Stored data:
--------

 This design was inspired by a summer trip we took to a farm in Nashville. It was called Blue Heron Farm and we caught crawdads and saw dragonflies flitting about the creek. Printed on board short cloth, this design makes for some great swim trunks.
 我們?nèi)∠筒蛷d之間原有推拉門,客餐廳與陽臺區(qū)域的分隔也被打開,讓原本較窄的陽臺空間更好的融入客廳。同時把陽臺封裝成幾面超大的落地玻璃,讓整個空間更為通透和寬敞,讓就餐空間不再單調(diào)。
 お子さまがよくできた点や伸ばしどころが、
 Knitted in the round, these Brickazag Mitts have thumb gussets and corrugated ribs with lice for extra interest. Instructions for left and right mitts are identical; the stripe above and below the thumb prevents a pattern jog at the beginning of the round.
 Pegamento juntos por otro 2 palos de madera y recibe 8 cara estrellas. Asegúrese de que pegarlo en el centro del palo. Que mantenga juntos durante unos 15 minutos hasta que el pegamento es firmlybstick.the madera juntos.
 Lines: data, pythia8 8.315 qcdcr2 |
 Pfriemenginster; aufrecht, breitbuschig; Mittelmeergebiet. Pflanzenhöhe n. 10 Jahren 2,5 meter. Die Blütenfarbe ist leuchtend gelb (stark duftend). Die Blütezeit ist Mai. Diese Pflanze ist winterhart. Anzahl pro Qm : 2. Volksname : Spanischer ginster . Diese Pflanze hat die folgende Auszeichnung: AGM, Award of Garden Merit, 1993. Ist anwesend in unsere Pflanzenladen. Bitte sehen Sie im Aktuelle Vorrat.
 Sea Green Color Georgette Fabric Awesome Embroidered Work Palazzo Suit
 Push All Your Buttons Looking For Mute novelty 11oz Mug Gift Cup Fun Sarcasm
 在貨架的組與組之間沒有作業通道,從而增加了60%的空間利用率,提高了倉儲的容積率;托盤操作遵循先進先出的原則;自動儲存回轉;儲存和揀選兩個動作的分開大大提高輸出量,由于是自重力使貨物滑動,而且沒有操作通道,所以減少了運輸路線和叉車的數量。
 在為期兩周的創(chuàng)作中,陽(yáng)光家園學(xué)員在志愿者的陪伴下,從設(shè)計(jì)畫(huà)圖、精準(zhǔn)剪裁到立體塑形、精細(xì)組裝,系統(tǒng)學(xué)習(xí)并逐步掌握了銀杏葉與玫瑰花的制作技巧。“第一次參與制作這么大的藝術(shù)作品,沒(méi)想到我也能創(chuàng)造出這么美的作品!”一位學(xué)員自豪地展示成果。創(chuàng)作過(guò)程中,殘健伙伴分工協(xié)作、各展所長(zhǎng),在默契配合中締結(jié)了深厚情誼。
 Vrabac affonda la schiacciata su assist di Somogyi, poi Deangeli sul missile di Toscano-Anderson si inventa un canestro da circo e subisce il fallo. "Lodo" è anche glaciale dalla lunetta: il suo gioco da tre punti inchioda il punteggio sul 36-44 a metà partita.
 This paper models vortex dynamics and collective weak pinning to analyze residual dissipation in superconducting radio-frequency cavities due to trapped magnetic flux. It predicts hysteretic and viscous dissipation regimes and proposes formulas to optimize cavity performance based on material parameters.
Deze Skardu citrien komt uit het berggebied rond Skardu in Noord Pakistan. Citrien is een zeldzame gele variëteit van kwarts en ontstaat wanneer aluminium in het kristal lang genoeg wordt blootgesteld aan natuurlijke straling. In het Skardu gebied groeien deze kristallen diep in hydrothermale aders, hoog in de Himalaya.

--------

Exercise aim: Pull every line containing "This" from the entries above and copy it.

The answer:
 This design was inspired by a summer trip we took to a farm in Nashville. It was called Blue Heron Farm and we caught crawdads and saw dragonflies flitting about the creek. Printed on board short cloth, this design makes for some great swim trunks.
 This paper models vortex dynamics and collective weak pinning to analyze residual dissipation in superconducting radio-frequency cavities due to trapped magnetic flux. It predicts hysteretic and viscous dissipation regimes and proposes formulas to optimize cavity performance based on material parameters.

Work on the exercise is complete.